====== PROVIDED MATERIAL ======

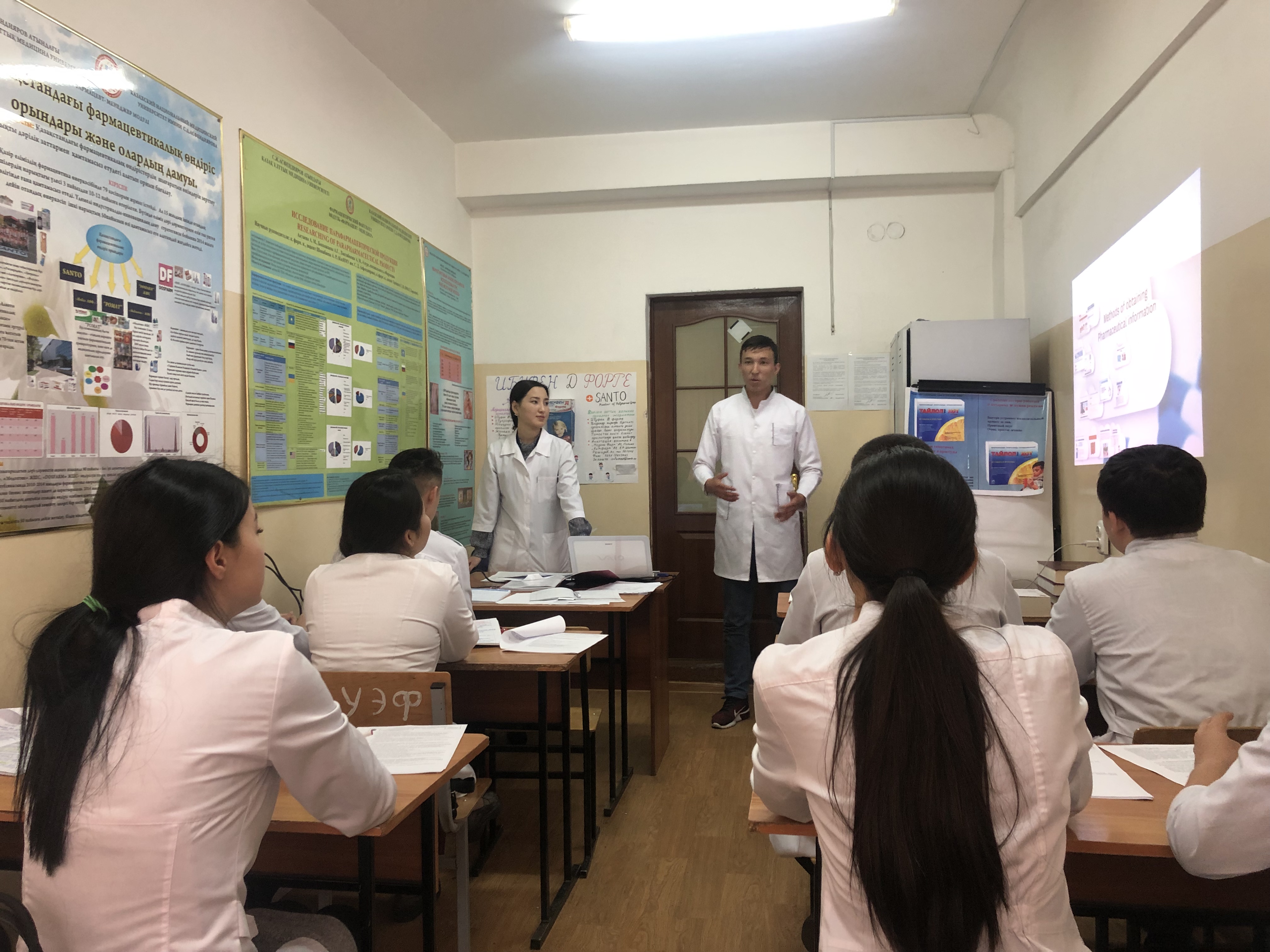 Фармацияның ұйымдастырылуы, басқарылуы және экономикасы және клиникалық фармация кафедрасында 16.04.2019 күні 224 аудиторияда кафедра мұғалімі Ә.М.Әбілқасымованың жетекшілігімен «Фармация» мамандығы бойынша 3 курс ФА 16 – 002 – 02 К топ студенттерімен «Фармацевтикалық қызметті ұйымдастыру» пәні бойынша ашық сабақ өткізілді. Практикалық сабақтың тақырыптары: «Фармацевтикалық ақпаратты ұйымдастыру. Денсаулық сақтау мамандары мен тұрғындарға ақпараттық қызмет көрсету. Дәріханалардың санитарлық ағарту жұмыстары. Дәрілік заттардың жарнамасы».
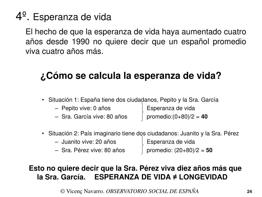 4º. Esperanza de vida El hecho de que la esperanza de vida haya aumentado cuatro años desde 1990 no quiere decir que un español promedio viva cuatro años más. ¿Cómo se calcula la esperanza de vida? • Situación 1: España tiene dos ciudadanos, Pepito y la Sra. García • Pepito vive: 0 años Esperanza de vida • Sra. García vive: 80 años promedio:(0+80)/2 = 40 • Situación 2: País imaginario tiene dos ciudadanos: Juanito y la Sra. Pérez • Juanito vive: 20 años Esperanza de vida • Sra. Pérez vive: 80 años promedio: (20+80)/2 = 50 Esto no quiere decir que la Sra. Pérez viva diez años más que la Sra. García. ESPERANZA DE VIDA ≠ LONGEVIDAD © Vicenç Navarro. OBSERVATORIO SOCIAL DE ESPAÑA 24
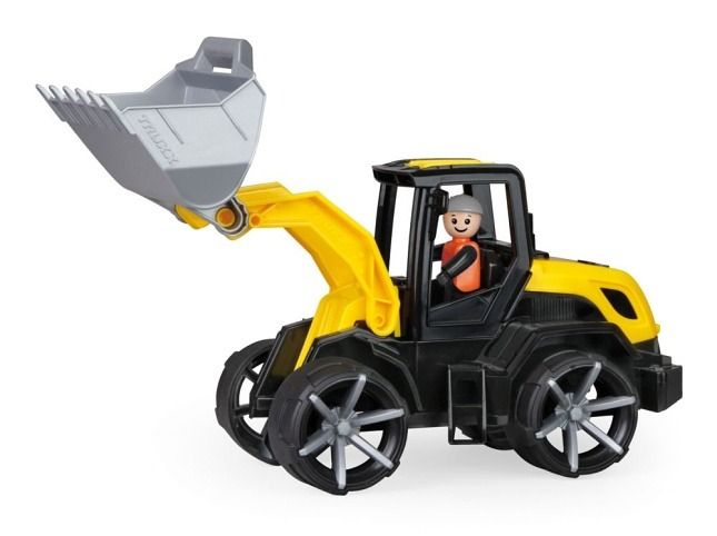Truxx 2 nakladač z kvalitního plastu a velmi pevnou stavbou. Plně mechanicky funkční. Obsahuje odklopitelnou kabinu s aktivním panáčkem. Pogumovaná kola s tichým chodem
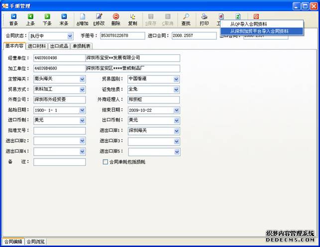 在手冊(cè)管理中,合同資料亦可從QP中導(dǎo)入或從深圳加貿(mào)平臺(tái)導(dǎo)入。
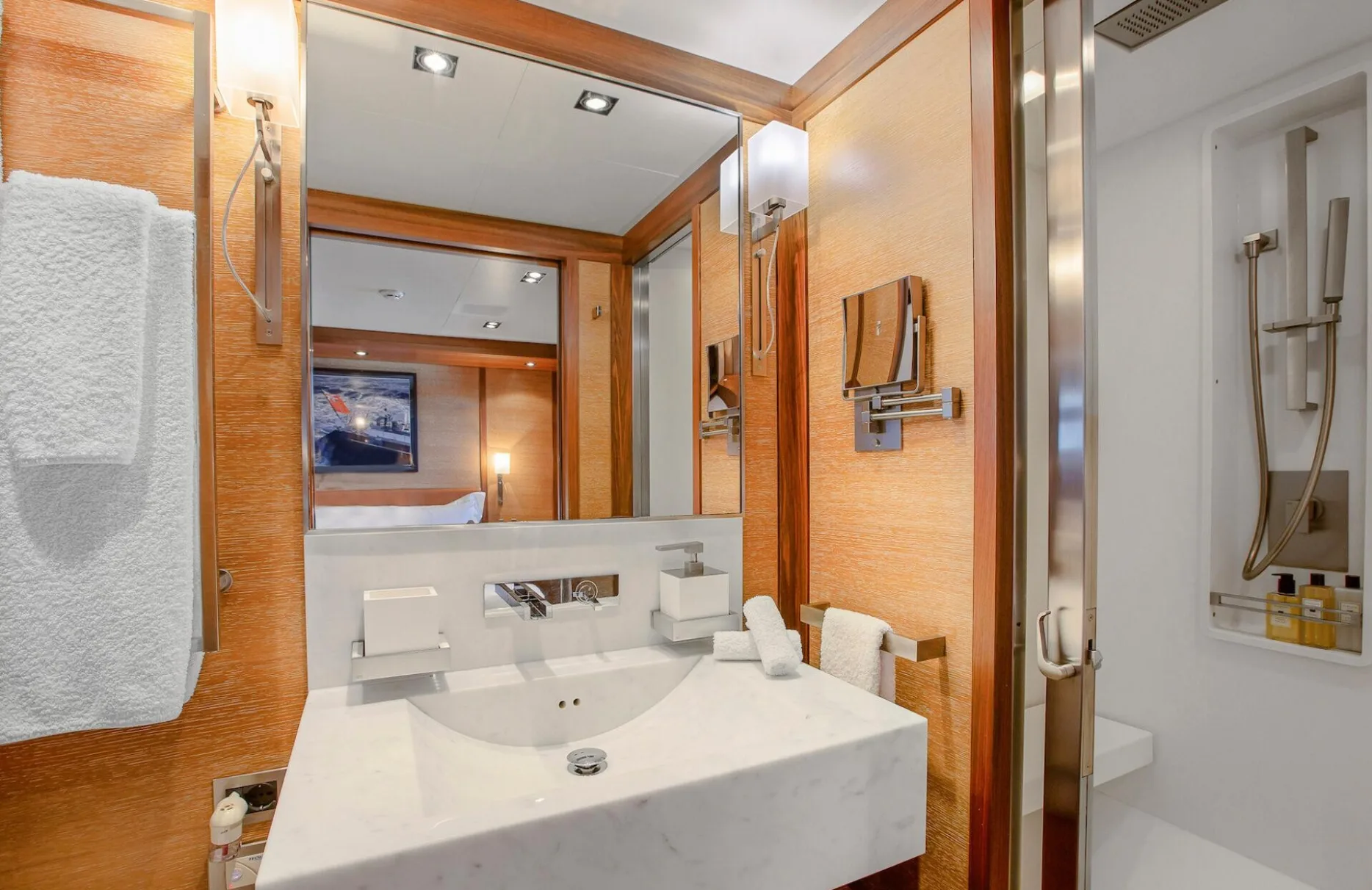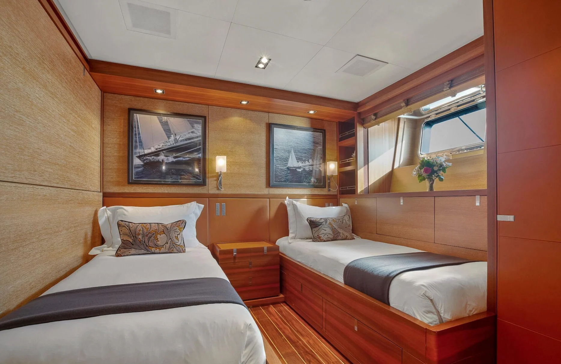Seahawk welcomes 12 guests into a realm of comfort with her five beautifully crafted cabins. Each room is a private retreat, offering a restful night’s sleep as the gentle sway of the ocean cradles you. The master suite is a haven of sophistication, while the double and twin cabins provide versatility for families or groups. Awaken each morning to panoramic views of the sea, and let the day’s adventures unfold from the comfort of these elegant spaces. The careful attention to detail in each cabin ensures that your stay is nothing short of extraordinary.
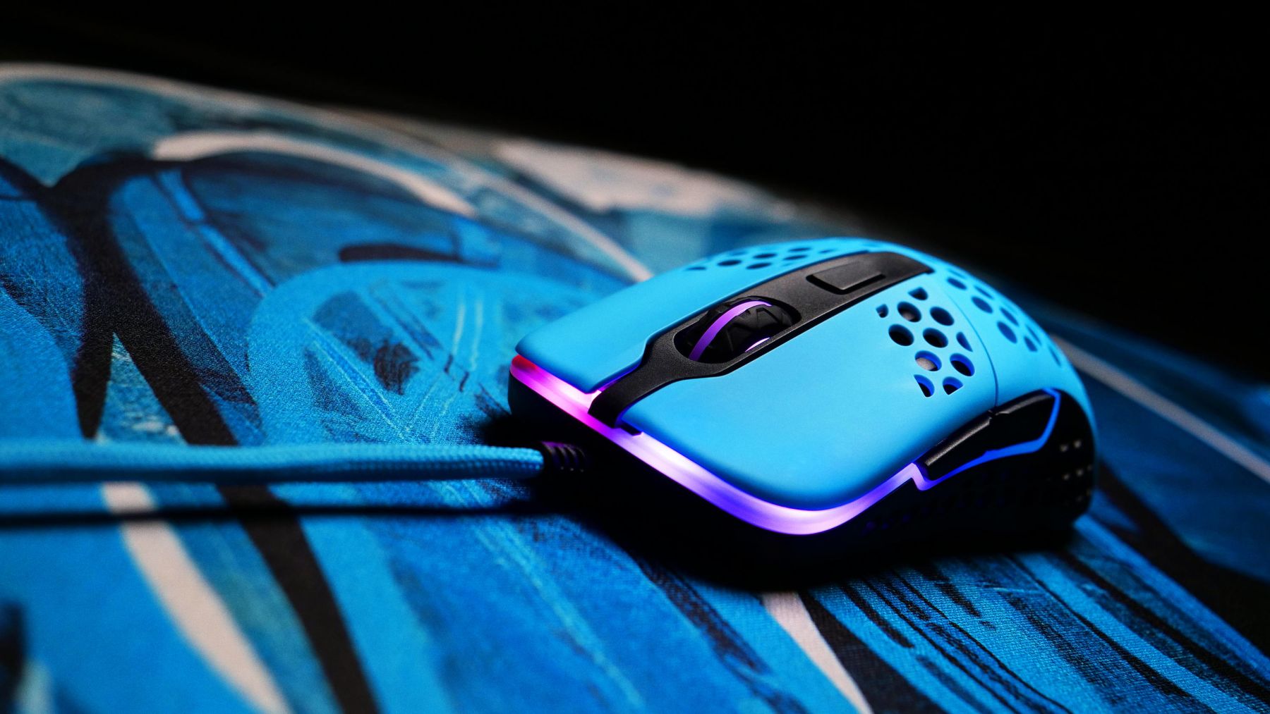 Тефлоновые ножки M42 с закругленными краями для более плавного скольжения, а его матовое УФ-покрытие в сочетании со структурой отверстий обеспечивает более устойчивый захват. Отверстия, улучшающие поток воздуха под ладонью, также помогают вам чувствовать себя комфортно.
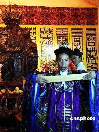 2004年八月二十一日,一座高一点九米、重一吨的南海龙王铜铸原身像,在三亚大小洞天旅游区南海龙王别院安座,彰显中国民间南海主权意识。该像珠发长须,人身龙甲,着战袍,扶宝剑,足踏双蛇,威猛庄严。中国道教全真龙门派第二十三代弟子、武汉长春观任宗权道长为南海龙王原身像安奉作道场。据悉,大小洞天位于南海之滨,背靠中国南方山脉之余脉鳌山,山海相连,洞天福地。早在南宋即辟为游历胜地,被推为琼崖八百年第一山水名胜,历代题刻,道家文化氛围浓厚。 中新社发 关向东 摄
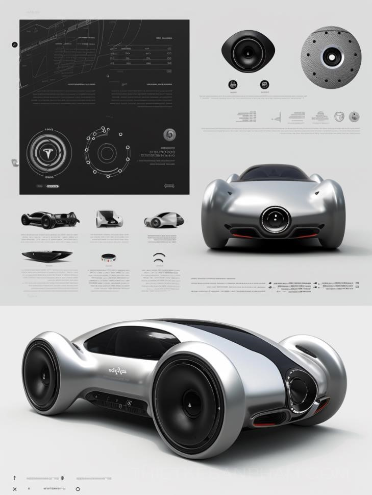 Complete product design rendering page layout, product life cycle, electric car gadget sketch, projection, modern minimalist, high-end texture, streamlined, silver grey + black + round operation panel, rich details --ar 3:4 --v 6.0
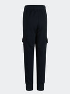 Sottotuta modello cargo in cotone garzato con doppia tascona laterale con strep. Coulisse in vita e elastici alle caviglie.
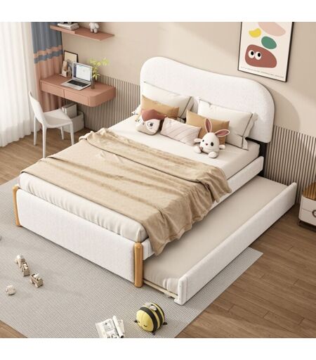 Dans Les Nuages - Lit gigogne 90x190 cm/140x200 cm, avec tête de lit incurvée, sommier à lattes en bois, cadre en métal, Canapé-lit capitonné en
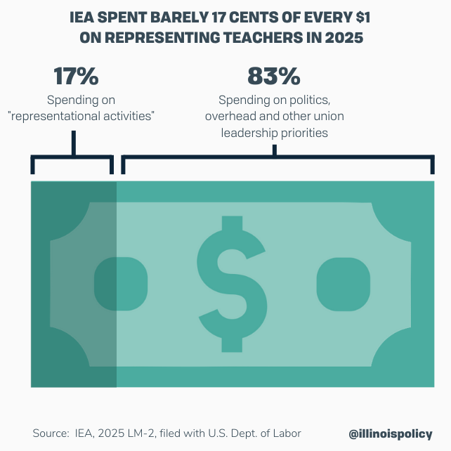 It appears IEA is using teacher union dues to prop up its own expensive employees while failing to spend even 17 cents of every dollar to represent those teachers.
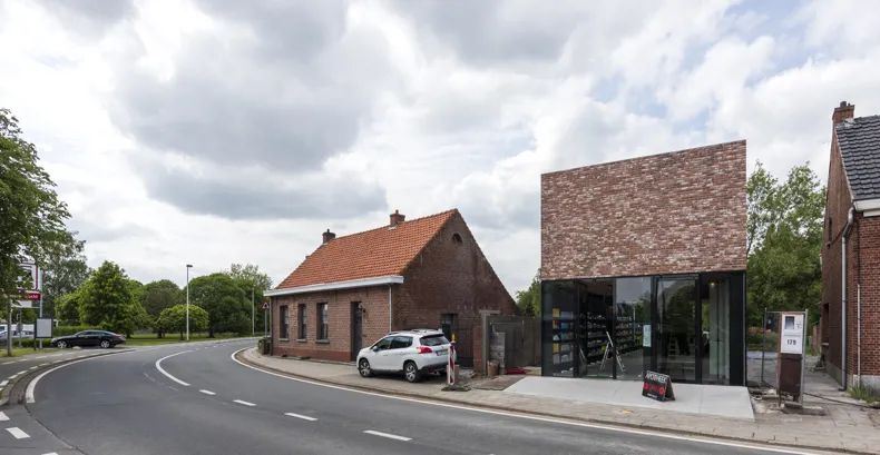 To ensure the architectural balance of the building and to respect its context, the choice was made to place a brick upper level on the glass base.The brick upper floor houses one of the country's largest pharmacy robots. It's high-tech of the highest level with a typical Flemish wrapping.
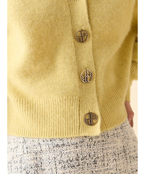 【上品なルックスと肌触りの良さが魅力のロゴボタンカーディガン】【Design/Styling】
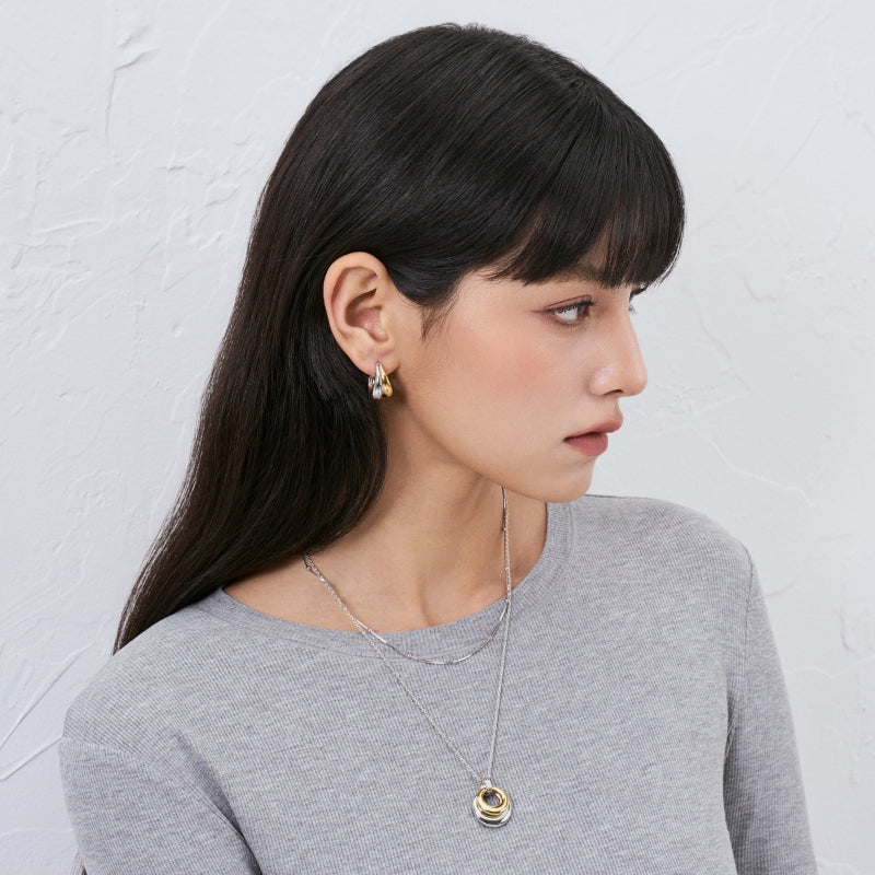 18KGP 双環水滴耳饰

======

TASK OBJECTIVE → Exactly the lines from the one with "Dans Les Nuages" through the end of the records are to be repeated, both ends included, and pictures are to be omitted.

RESULT OF THE TASK →
 Dans Les Nuages - Lit gigogne 90x190 cm/140x200 cm, avec tête de lit incurvée, sommier à lattes en bois, cadre en métal, Canapé-lit capitonné en
 It appears IEA is using teacher union dues to prop up its own expensive employees while failing to spend even 17 cents of every dollar to represent those teachers.
 To ensure the architectural balance of the building and to respect its context, the choice was made to place a brick upper level on the glass base.The brick upper floor houses one of the country's largest pharmacy robots. It's high-tech of the highest level with a typical Flemish wrapping.
 【上品なルックスと肌触りの良さが魅力のロゴボタンカーディガン】【Design/Styling】
 18KGP 双環水滴耳饰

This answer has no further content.